Sunnyvale, California-based data access security firm Aurva has emerged from stealth with $2.2 million in seed funding led by Nexus Venture Partners, with participation from DeVC and angel investors. The company says it "will use the funding to expand its engineering team, deepen AI observability capabilities, and support growing demand from U.S. and global enterprise customers."
Passguard, a Dutch company that monitors criminal marketplaces for evidence of infostealer attacks, has raised $585,000 in pre-seed funding led by Dimitri van Zantvliet, Cybersecurity Director at Dutch Railways, Rogier Fischer, founder and CEO of Hadrian, and Pieter Jansen, founder and former CEO of Cybersprint and currently partner at Ctrl+Alt+Invest. Passguard's CEO Tom Leijte stated, "With this funding we’re investing in making our data as scalable and accessible as possible through our API, enabling security integrators to deploy it directly for their clients."
Austin, Texas-based browser security startup Neon Cyber has emerged from stealth with an undisclosed amount of seed funding from Silverton Partners.
Executive moves.
The Global Cyber Alliance has appointed its COO Brian Cute as interim CEO following the retirement of its founding CEO Philip Reitinger.
CyberArk has named Omer Grossman as Chief Trust Officer and head of the company's CYBR Unit. Ariel Pisetzky will succeed Grossman as CyberArk's Chief Information Officer.

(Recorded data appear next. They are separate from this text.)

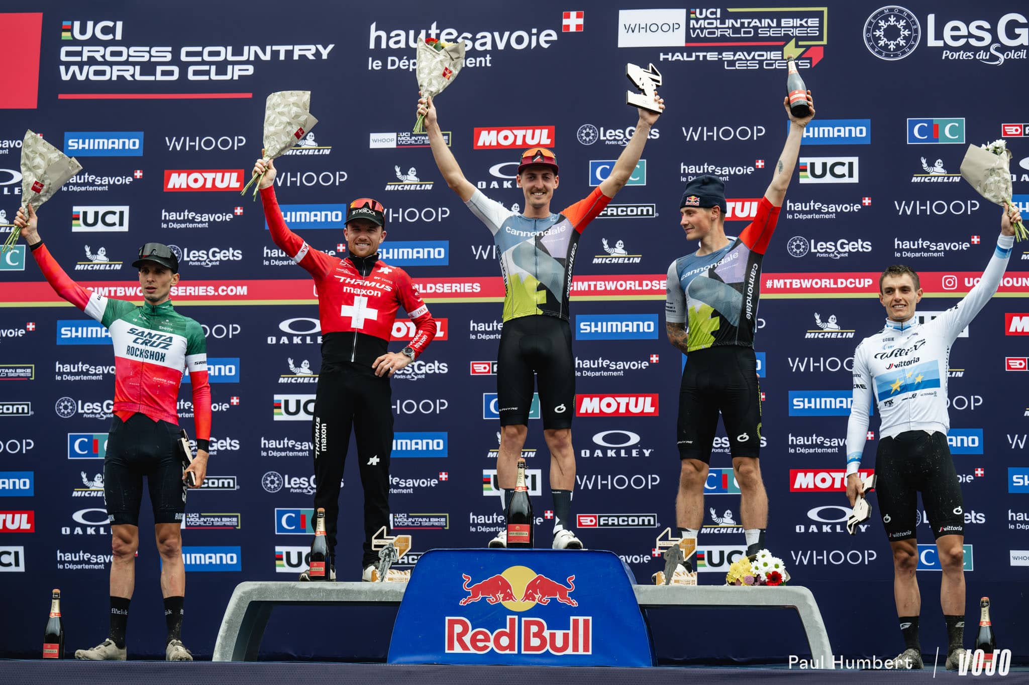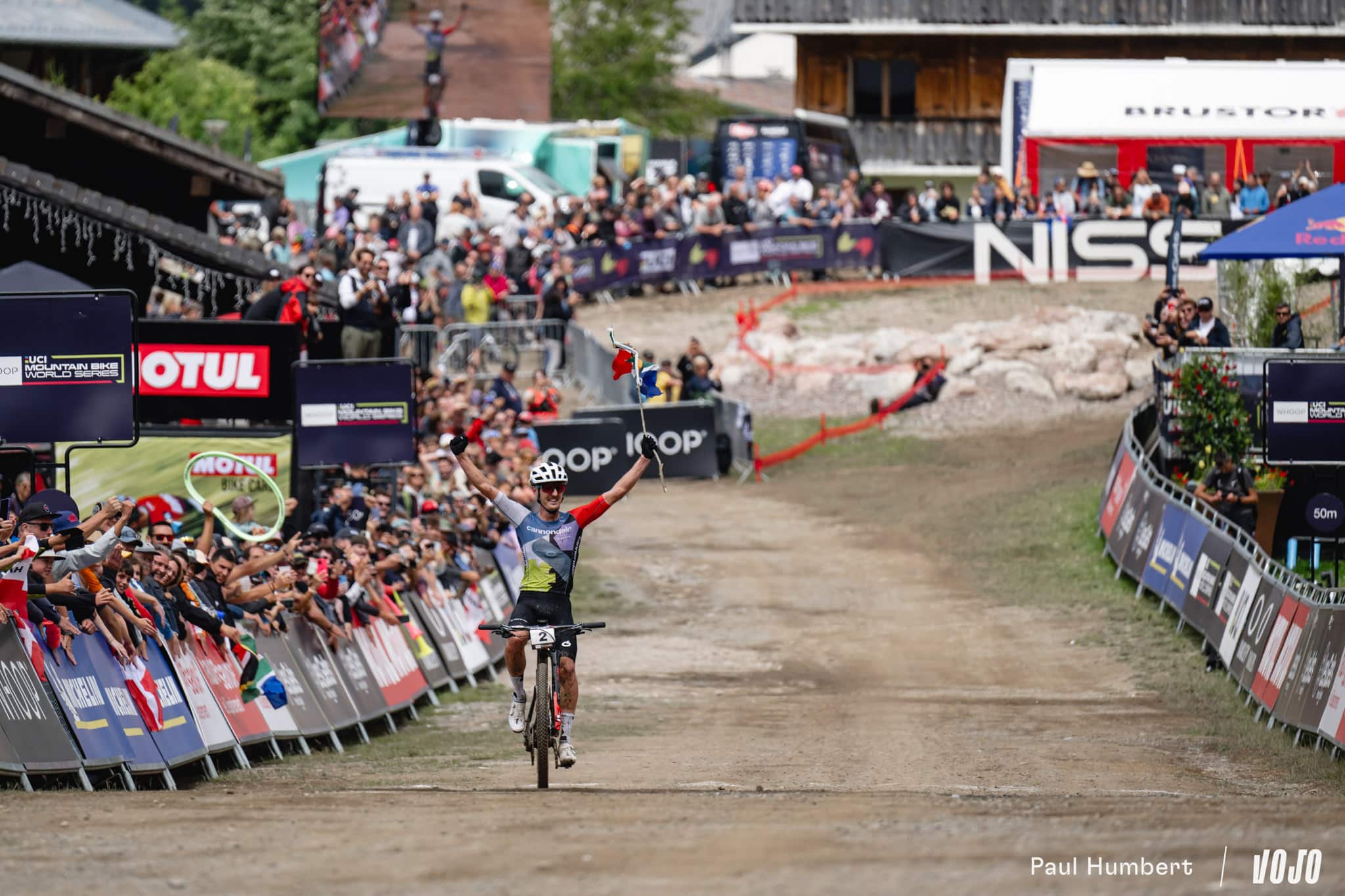 Plus malin, le Danois prend les devants en haut de la partie technique et arrive en bas de la descente avec deux vélos d’avance. Ce sera suffisant ! Luca Braidot ne parvient pas à revenir sur la partie roulante et il est trop loin pour disputer réellement le sprint. Simon Andreassen prend donc la troisième place et parachève l’excellent week-end du Cannondale Factory Racing (1 et 2 sur le XCC, 1 et 3 en XCO).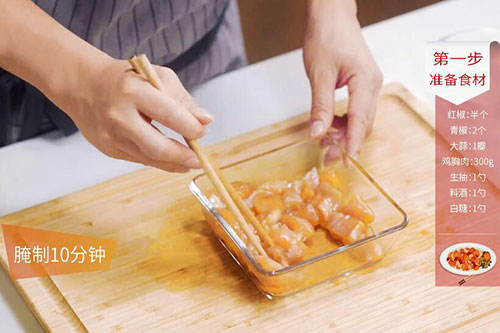 2.鸡胸肉洗净切丁,放入生抽1勺、料酒1勺、白糖1勺拌匀后腌制10分钟,腌制好后放入1勺淀粉拌匀;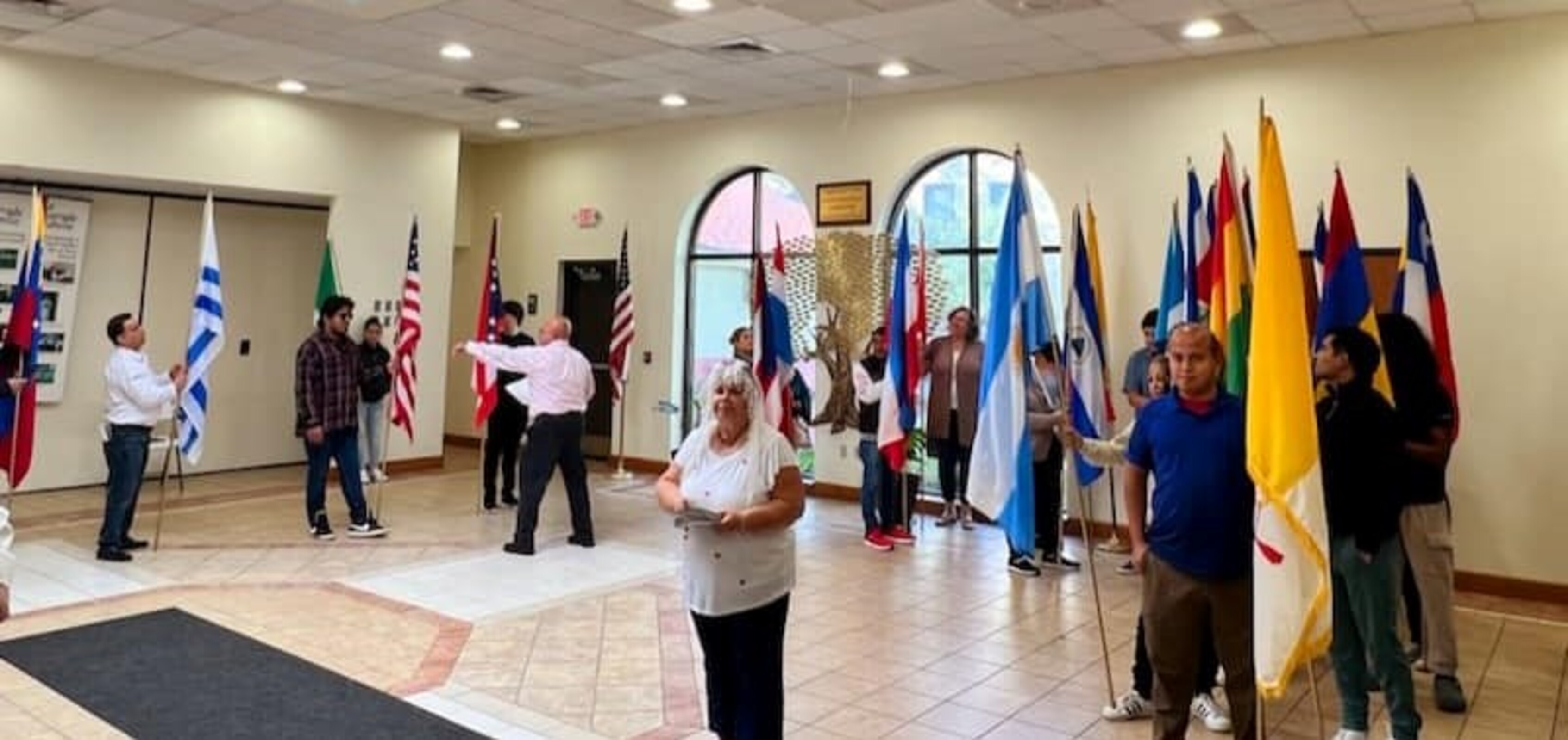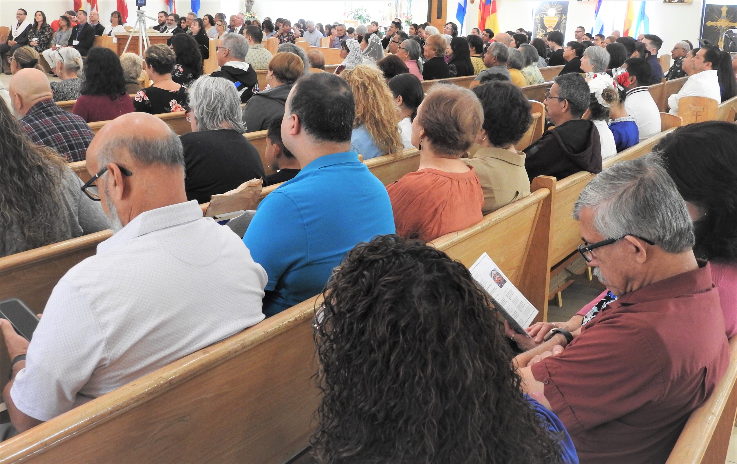 The event began with the traditional procession of flags. Members of the congregation carried about two dozen flags representing nations such as Mexico, Brazil, Nicaragua, Puerto Rico, El Salvador and other Hispanic countries, which were placed into flag holders lining the walls in the church sanctuary.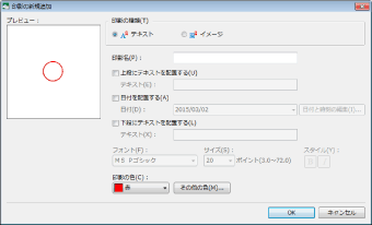 [テキスト]を選択した場合、円囲み+指定した文字列+日付の印影を登録できます。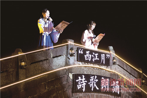 在見龍橋上舉辦詩歌朗誦會(huì),伴著朗朗月色,一首首本土原創(chuàng)詩歌作品的朗誦,為古橋的夜增添了一股詩意;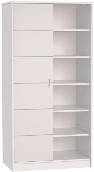 Faktum Alda Iceglossy - 2 osztású szekrény A kedvelt tolóajtós szekrények úgy biztosítanak bőséges tárolóhelyet a szobában hogy kisebb térben is tökéletesen funkcionálnak. A 2 osztású szekrény kiváló választás, hiszen a gyermek kezdeti holmijai elférnek benne. Remekül variálható a bútorcsalád többi elemével, melyből a gyermekek számára megunhatatlan gyerekszoba hozható létre. A szekrény belső pakolófelülete igény szerint alakítható akasztós, vagy polcos kivitelűre. Sőt, ha szükséges, plusz polc rendelésére is van lehetőség. A termék frontja magasfényű festett MDF-ből készül, míg a bútor többi része bútorlapból.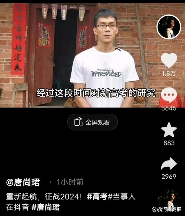 “高考钉子户”唐尚珺宣布继续复读,好友称其计划去衡水考察学校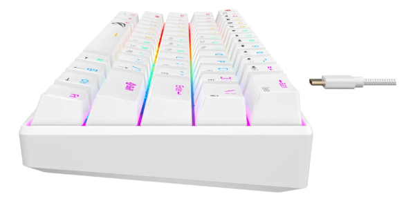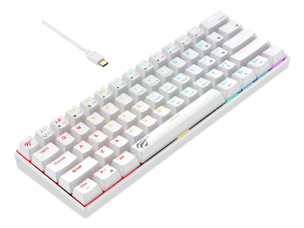 El Havit KB903L es un teclado gamer mecánico compacto 60%, diseñado para quienes buscan rendimiento, velocidad y estilo en un formato minimalista.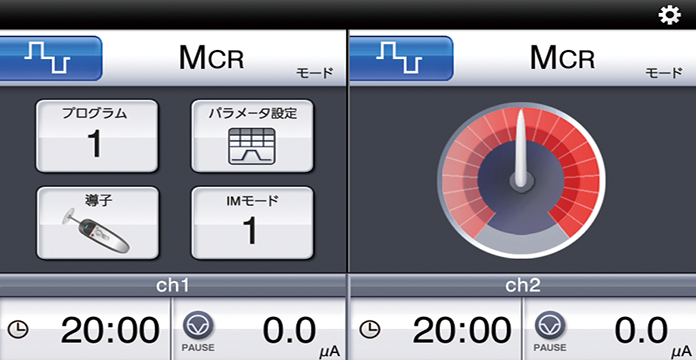 「Hi-Voltageモード」、「EMSモード」、「MCRモード」を合わせた6種類の電気刺激モードにより、患者様一人ひとりの症状に合わせた多彩な治療を可能にします。
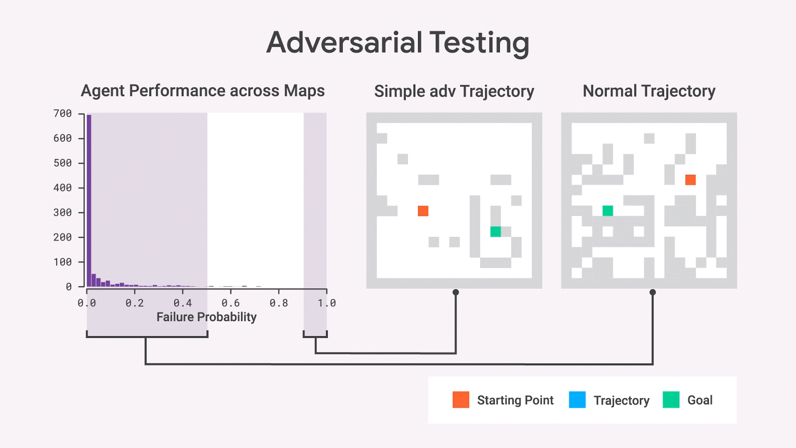 With random sampling, we almost never observe maps with high failure probabilities, but adversarial testing reveals such maps do exist. These maps retain high failure probabilities even after many walls are removed, yielding simpler maps than the original.

Halcyon has appointed Tony Spinelli as Field CISO and Gary Hayslip as Senior Security Advisor. Spinelli previously led security programs at Capital One, Tyco International, Equifax, and First Data Corporation, while Hayslip most recently served as Global CISO at SoftBank Investment Advisers.
MIND has named Jimmy Tsang as Chief Marketing Officer. Tsang joined MIND in 2023, and previously served as Vice President of Marketing at Pondurance.
DataDome has named Leta Amburgey as Chief Customer Officer. Amburgey previously served as Vice President of Global Customer Success & Delivery at Vimeo.
Portnox has appointed AppFire CEO Matt Dircks to its board of directors.
Datadog has added Ami Vora to its board of directors. Vora most recently served as Chief Product Officer at Faire.